JuliaMath / Hadamard.jl

Fast Walsh-Hadamard transforms for the Julia language
MIT License
38 stars 8 forks source link

use FFHT code #5

Open stevengj opened 6 years ago

stevengj commented 6 years ago

The https://github.com/FALCONN-LIB/FFHT repository implements a specialized SIMD FHT, which it says is faster than FFTW for this problem. (Totally possible, since 2×2×2×⋯ multidimensional transforms are not that optimized in FFTW — they are using size-2 DFT kernels, whereas to be fast they should really use larger multidimensional kernels.) Might be interesting to support using FFHT (which is MIT-licensed) in cases where it is applicable.

ghost commented 6 years ago

I'll compare that with my SSE2 SIMD code, thanks for the link. There are a bunch of things you can do with the WHT that are not well known. Mainly stemming from fast random projection algorithms based on the WHT: https://github.com/S6Regen?tab=repositories It also seems the very simple out of place WHT is hardly known, where you go through the input vector pair-wise sequentially and put the sum of each pair sequentially in the lower half of a new array, and the difference sequentially in the upper half of the new array. Repeat for a total log base 2 n times. That is the simplest algorithm in computer science least known. http://randomprojectionai.blogspot.com/

ghost commented 6 years ago

When I ran the the FFHT bench-marking code on my cheap laptop I got 5200 65536-point WHT's per second per core. In my code I get 5000 per core.

My legacy SSE code: https://drive.google.com/open?id=1bhQi4BybXPkvCENIYQcdw9PHAwS9Ocam

I see all the links I have given are broken if you just click on them. It seems you have to copy and paste them to the browser address line for them to work!

Anyway to get GPU comparable results you would definitely need say one of the new AMD 32 core CPUs. From the FFHT result tables that would get you to around 1,000,000 65536-point WHT's per second. A big advantage of CPUs is they are so much easier to program than GPUs. I don't know what the situation is with the new GPU tensor cores. If you could use them for the WHT you might reach 10 million+ 65536-point WHTs per second presuming the memory bandwidth could handle that.
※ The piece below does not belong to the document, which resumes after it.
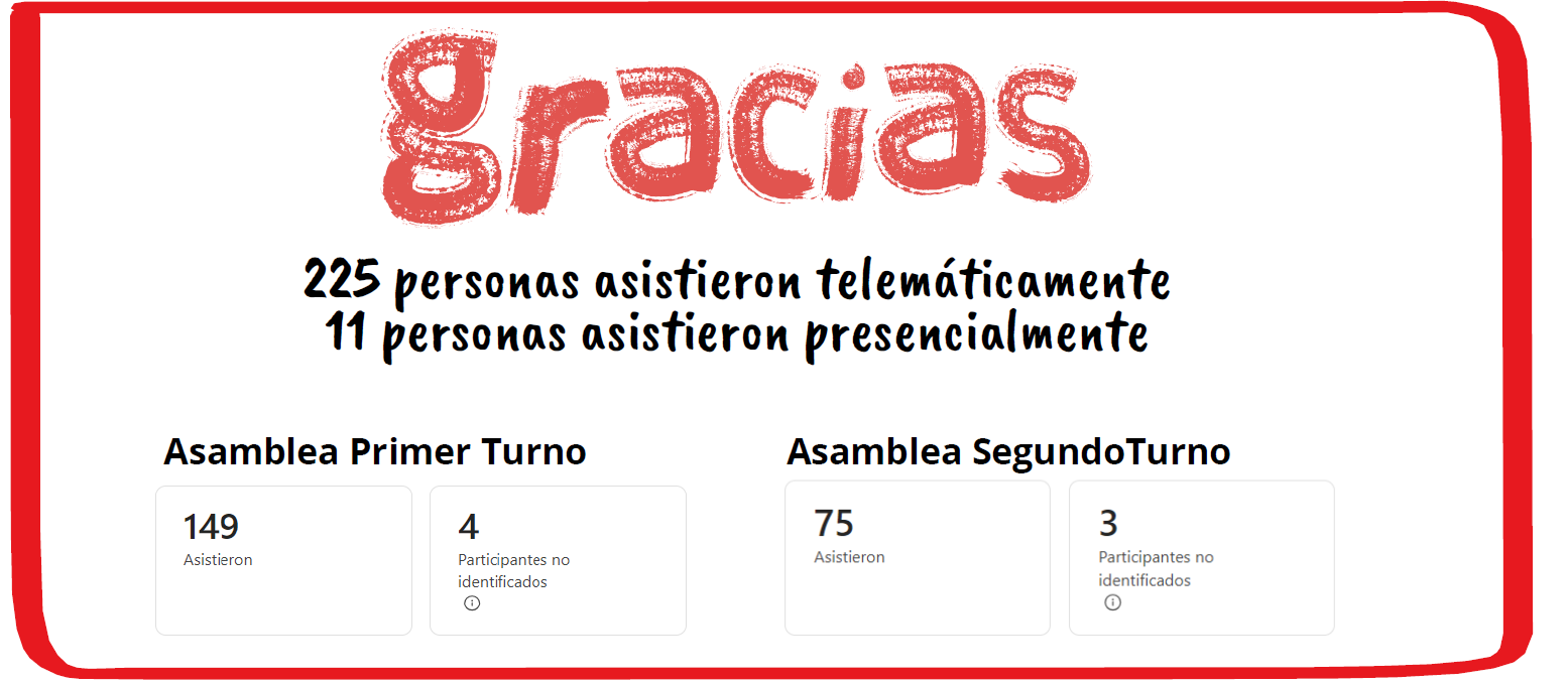 La asamblea tuvo un gran volumen de asistencia y, por ello, queremos dar las GRACIAS a todas las personas que dedicaron su tiempo a escucharnos y a aportar su opinión.

That would be 1000 times better than I can do on my 2 core laptop (no harddrive, broken keyboard, CPU heatsink problems, runs off cheap usb stick etc.) I could evolve a neural network in 86.4 seconds that takes me a day at present.

Djoop commented 5 years ago

I did a quick benchmark for the 1D case, it's probably not perfect but suggests that FFHT is one order of magnitude faster, even a bit more in low dimension. Here are the results (Intel(R) Core(TM) i7-7600U CPU @ 2.80GHz).

results

I create each time a matrix A=randn(d,1000), and compare @belapsed fwht_natural!($(A),dims=1) and running fht_double on each column of A (with a simple loop, one can probably parallelize it.). They also provide an out-of-place version, which I guess is better than first copying. For reference, there is also the Spiral version (http://www.spiral.net/software/wht.html), and this other SIMD C++ implementation : https://github.com/curto2/mckernel/ , but I didn't have time to compare. So I don't know what is the best option : using FFHT only, using FFHT+FFTW for unsuported cases (maybe multidimensional cases?), or even creating a different package for FFHT?

stevengj commented 5 years ago

I would continue to use FFTW (because it probably handles more cases), and add FFHT to use it for the cases it supports. Would need to first make a BinaryBuilder package of FFHT.